In November 2003, elections were held for Northern Ireland’s devolved assembly at Stormont. The Northern Ireland Assembly had been suspended by Northern Ireland Minister Paul Murphy following allegations that Sinn Fein had bugged offices at Stormont.

The November elections used proportional representation (pr). The result gives some idea as to why people fear the introduction of pr for Britain’s national elections.

Northern Ireland has a unique history in British politics. It has used pr for decades – a consequence of the problems in the province over the years since the “Troubles”. Proportional representation was introduced in order to get a fairer representation of Catholics onto local councils etc. Therefore, the use of pr, though a novelty in Wales and Scotland when it was first used for the devolutionary elections, has been used on many occasions in Northern Ireland and is seen to be part of the political furniture.

Historically, Northern Ireland has seen two major moderate parties and two major ‘extreme’ parties.

Protestants: the Protestants have tended to be represented by the moderate UUP (Ulster Unionist Party) currently led by David Trimble.

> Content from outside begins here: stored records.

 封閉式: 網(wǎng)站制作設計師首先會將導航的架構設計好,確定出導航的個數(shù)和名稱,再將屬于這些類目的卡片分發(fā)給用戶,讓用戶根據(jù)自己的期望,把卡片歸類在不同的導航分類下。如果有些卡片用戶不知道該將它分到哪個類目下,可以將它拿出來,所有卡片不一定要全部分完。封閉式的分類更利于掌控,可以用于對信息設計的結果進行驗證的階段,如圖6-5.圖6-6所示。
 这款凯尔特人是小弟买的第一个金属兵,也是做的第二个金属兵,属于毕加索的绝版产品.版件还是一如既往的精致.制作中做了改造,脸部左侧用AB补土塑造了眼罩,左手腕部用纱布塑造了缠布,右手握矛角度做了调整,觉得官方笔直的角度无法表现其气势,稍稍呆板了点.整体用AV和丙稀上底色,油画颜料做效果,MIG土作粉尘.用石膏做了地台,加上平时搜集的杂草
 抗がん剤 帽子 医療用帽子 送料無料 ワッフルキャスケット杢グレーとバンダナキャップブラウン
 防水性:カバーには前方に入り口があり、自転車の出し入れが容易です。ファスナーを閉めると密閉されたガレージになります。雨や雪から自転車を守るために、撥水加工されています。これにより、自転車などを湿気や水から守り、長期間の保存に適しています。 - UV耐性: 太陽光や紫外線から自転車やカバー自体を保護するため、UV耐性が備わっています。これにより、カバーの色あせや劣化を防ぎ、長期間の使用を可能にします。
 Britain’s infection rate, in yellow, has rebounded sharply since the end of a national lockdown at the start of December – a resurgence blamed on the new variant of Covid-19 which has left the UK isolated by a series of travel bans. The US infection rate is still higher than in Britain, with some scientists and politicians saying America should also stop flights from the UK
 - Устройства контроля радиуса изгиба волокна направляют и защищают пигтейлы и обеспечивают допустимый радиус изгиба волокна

This party has engaged in dialogue with Sinn Fein and is seen as a moderating influence on the Protestant community in the province. Trimble’s position as head of the UUP was confirmed in March 2004.

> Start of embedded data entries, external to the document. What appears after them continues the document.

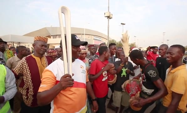 En Sierra Leone le 18 mars 2017 – Les habitants de la Sierra Leone ont été les premiers à recevoir le relais du « Queen’s Baton » après que la Reine Elizabeth II a placé son message de paix à l’intérieur de cet objet, le jour du Commonwealth Day au Palais de Buckingham.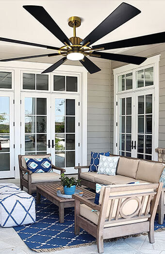 Installation of weather-rated ceiling fans for alfresco areas, patios, or balconies, designed to withstand coastal or high-moisture environments.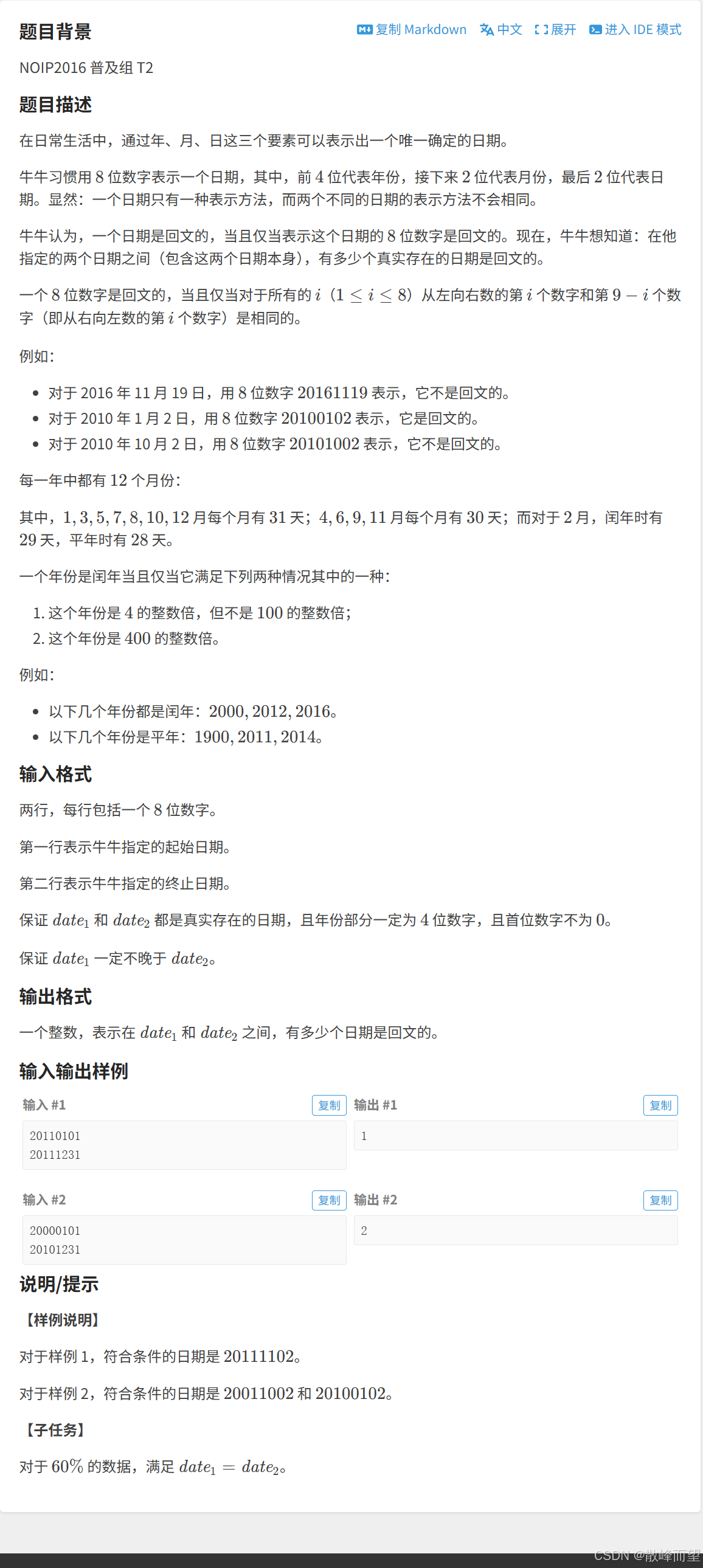 - [1.1.2 回文日期](#1.1.2 回文日期)

Historically, in recent years, the DUP (Democratic Unionist Party) has played second fiddle to the UUP. The DUP is a hard-line Protestant party that believes that Sinn Fein is a political front for the IRA and its leader, Ian Paisley, has stated time and again that he would have no dialogue with Sinn Fein. 

Catholics: The moderate Catholic party has been the SDLP (Social Democratic and Labour Party). The party seen as ‘extreme’ is Sinn Fein. The latter has never denied being the political voice of the IRA and its mere connection with the IRA is enough for many Unionist to condemn it.

Historically, the SDLP has done well in provincial elections and Sinn Fein has played second fiddle to it.

The 2003 result using proportional representation make for interesting reading:

  % votes 2003 Number of seats + or – 1998*
DUP 25.6 30 + 7.5%
UUP 22.6 27 – 1
SDLP 17 18 – 6
SF 24 24 + 6
Other Unionist 2.5 2 – 3
Alliance 3.6 4 0
Others 4.7 1 – 2

* = Last Assembly election

The two parties considered to be moderate have lost out. The two ‘extreme’ parties have clearly won.

This is the perceived problem:

Using proportional representation, the people of Northern Ireland will have an assembly (should it ever sit as the DUP have already refused to sit with Sinn Fein) that represents their beliefs in a far more representative way than FPTP . But it has also allowed into a more powerful position two extreme political parties in Northern Ireland and a political stand-off may occur with the DUP refusing to have any part in an assembly that allows in “reprobates” (Paisley). However, the DUP wants devolved power for Northern Ireland again, and has publically stated this – so will it be forced by its own rhetoric to sit down with Sinn Fein? A devolved assembly will only work with an input from the 2 biggest parties – without it, Stormont will be suspended again, if it ever gets off the ground at all.

Compared to their position in the 2001 national election, the DUP gained 4% more of the votes cast in November 2003. The more moderate UUP dropped by 4%. The two main Catholic parties (SDLP and Sinn Fein) held their support. Does this mean that Unionist support in Northern Ireland is getting more hard line? What might this mean for the Good Friday Agreement?

  % vote 2001* % vote 2003**
DUP 22 26
UUP 27 23
SDLP 17 17
SF 23.5 24
Other Unionist 2.6 2
Alliance 3.7 4
Others 4.2 4

* = using FPTP
** = using Proportional Representation

Though Sinn Fein beat the SDLP in 2001, their winning MP’s did not take a seat in the House of Commons as they refused to swear allegiance to the Crown as all new MP’s have to. That, by itself, was enough to irk the DUP. However, Sinn Fein was willing to develop the Good Friday Agreement whereas the DUP want to scupper it in its entirety.

Will a new assembly start in Stormont? Without the largest Protestant party, that would seem unlikely, as any decision that was taken by an assembly that lacked the DUP would be devoid credibility in the eyes of the Protestant community in Northern Ireland.